• Data shown:
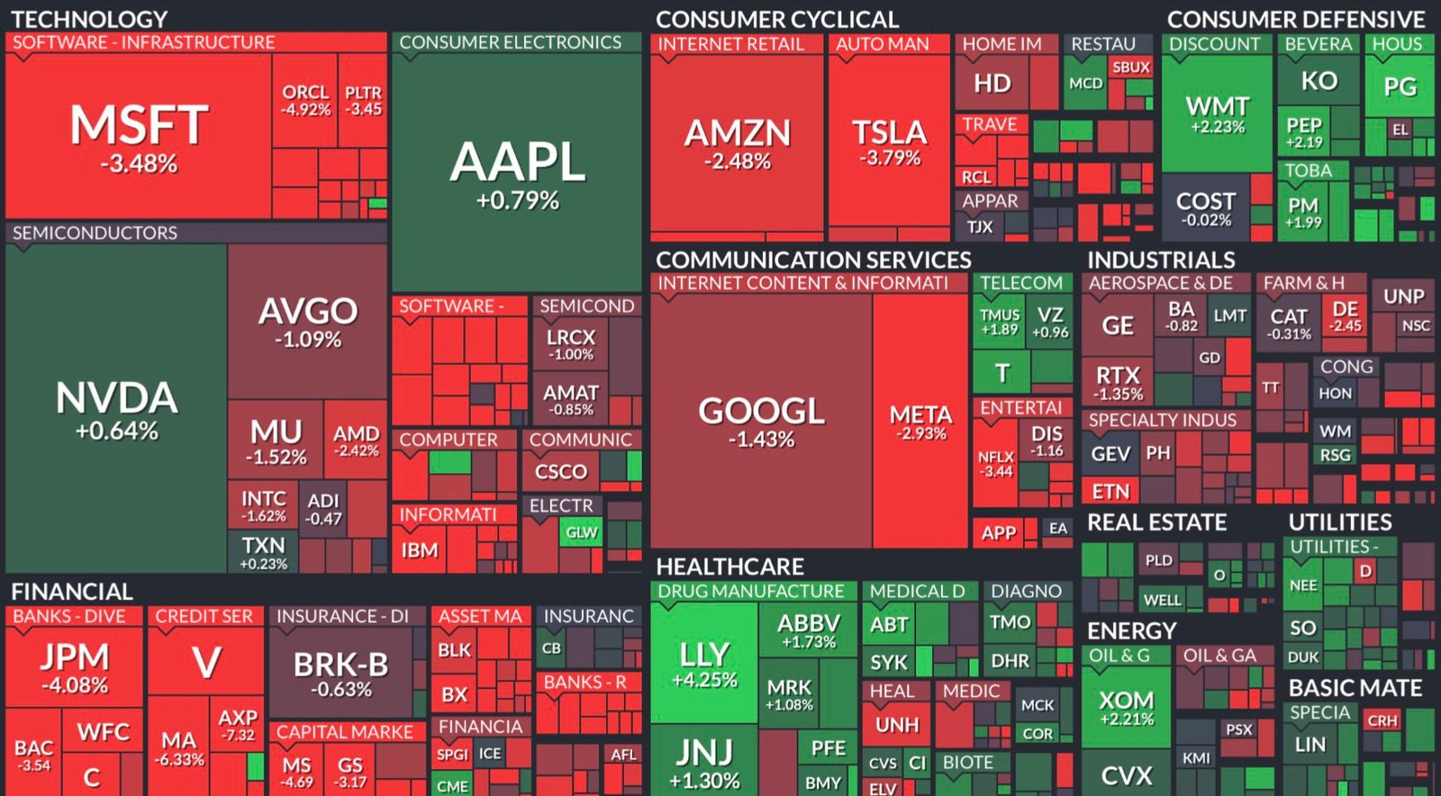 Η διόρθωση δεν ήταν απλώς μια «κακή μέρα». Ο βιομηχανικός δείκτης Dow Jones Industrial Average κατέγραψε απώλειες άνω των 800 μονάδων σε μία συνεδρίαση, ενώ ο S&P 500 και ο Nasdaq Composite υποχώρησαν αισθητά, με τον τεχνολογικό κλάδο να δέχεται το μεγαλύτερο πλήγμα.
--
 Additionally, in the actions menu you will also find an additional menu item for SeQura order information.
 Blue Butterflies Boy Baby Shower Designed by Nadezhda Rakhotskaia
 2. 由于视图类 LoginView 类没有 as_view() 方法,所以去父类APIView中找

• Assignment: Go to the line in the material above that contains "Additionally, in the" and copy exactly from there through the line that contains "2. 由于视图类 LoginView", stopping after it.

• Answer for the task:
 Additionally, in the actions menu you will also find an additional menu item for SeQura order information.
 Blue Butterflies Boy Baby Shower Designed by Nadezhda Rakhotskaia
 2. 由于视图类 LoginView 类没有 as_view() 方法,所以去父类APIView中找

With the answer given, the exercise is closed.